Il est frappant de constater que pendant longtemps la production historique française ne s’est intéressée qu’aux événements de la Guerre d’Indépendance de 1808, et, plus d’un siècle plus tard, à ceux de 1936-1939,
qui ont tant marqué nos contemporains. C’est un peu comme si l’espace
chronologique entre ces deux conflits n’avait aucune importance. On
peut d’ailleurs remarquer l’utilisation de l’appellation « la Guerre Civile ».
Comme si l’on estimait que cette péninsule n’avait pas connu au siècle
précédent d’autres affrontements fratricides de grande ampleur.
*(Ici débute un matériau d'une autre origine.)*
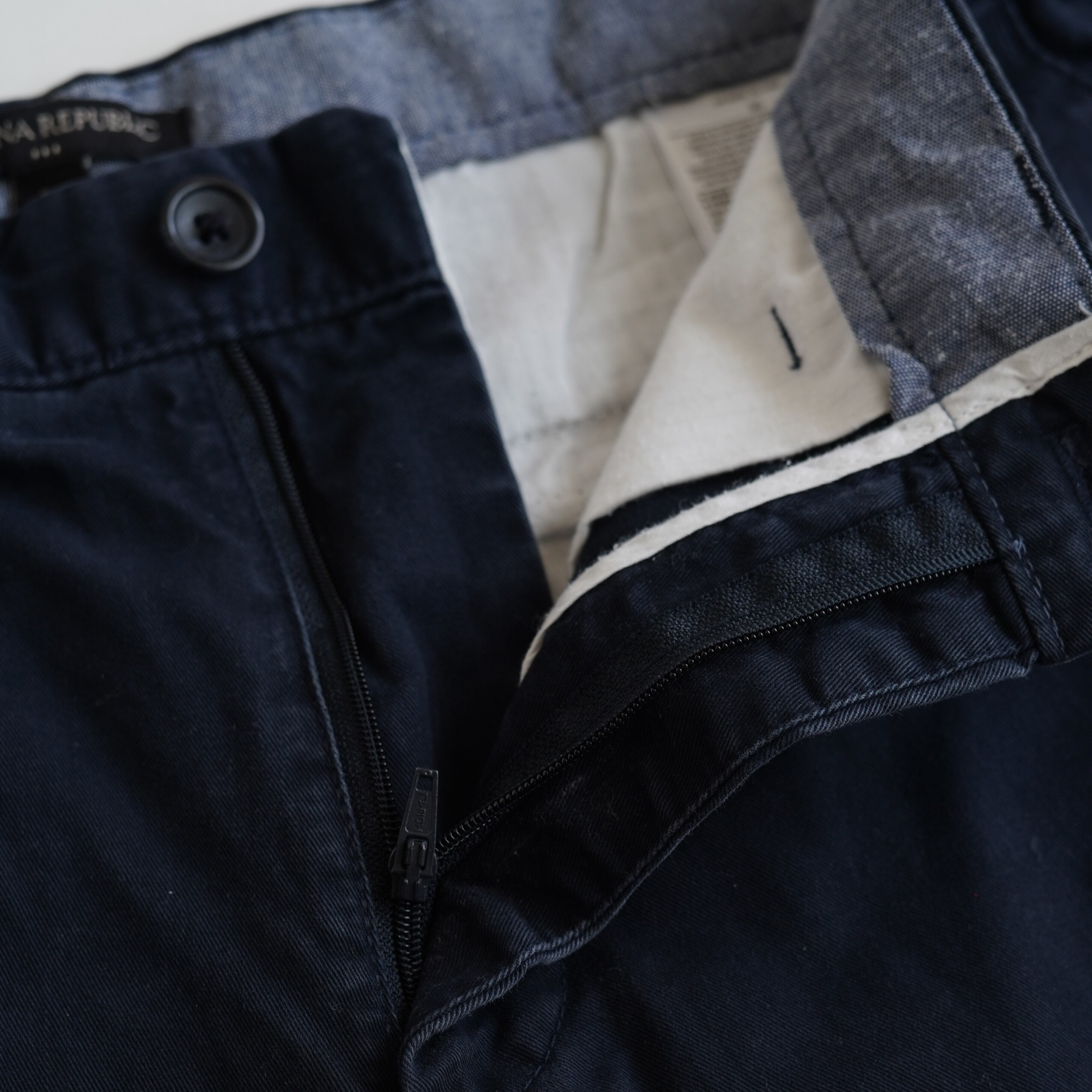 定番のネイビーで合わせやすい、バナナリパブリックのチノショーツ。ほどよいスリムシルエットで、カジュアルながらもきちんと感をキープ。軽やかなチノ素材は通気性がよく、春夏のデイリースタイルやリゾートシーンに最適です。シンプルなデザインなので、ポロシャツやTシャツなど幅広いコーディネートに対応できます。大人のカジュアルスタイルを格上げする一本です。

Pourtant, cette histoire presque oubliée a entraîné des conséquences sur le
destin de la France. Le carlisme, s’il se veut selon ses partisans « purement hispanique », ne peut intéresser la seule Espagne, pour quatre raisons principales :
– ce mouvement politique et idéologique n’est pas propre à ce seul pays,
il s’inscrit dans un contexte général européen, celui de la ContreRévolution opposée au libéralisme montant ;
– le carlisme représente une question épineuse dans les rapports diplomatiques franco-espagnols ainsi que dans les relations de l’Espagne
avec d’autres puissances européennes sur près d’un siècle ;
– la France et d’autres États d’Europe servent de base arrière à la contrerévolution espagnole, permettant le développement d’un activisme
multiforme (propagande, recrutement et contrebande) ;
– enfin, la lutte pour cette cause provoque d’importantes migrations de
réfugiés politiques.
Trois prétendants successifs d’Espagne, prénommés Don Carlos provoquent leur cortège d’affrontements violents sur près de quarante ans.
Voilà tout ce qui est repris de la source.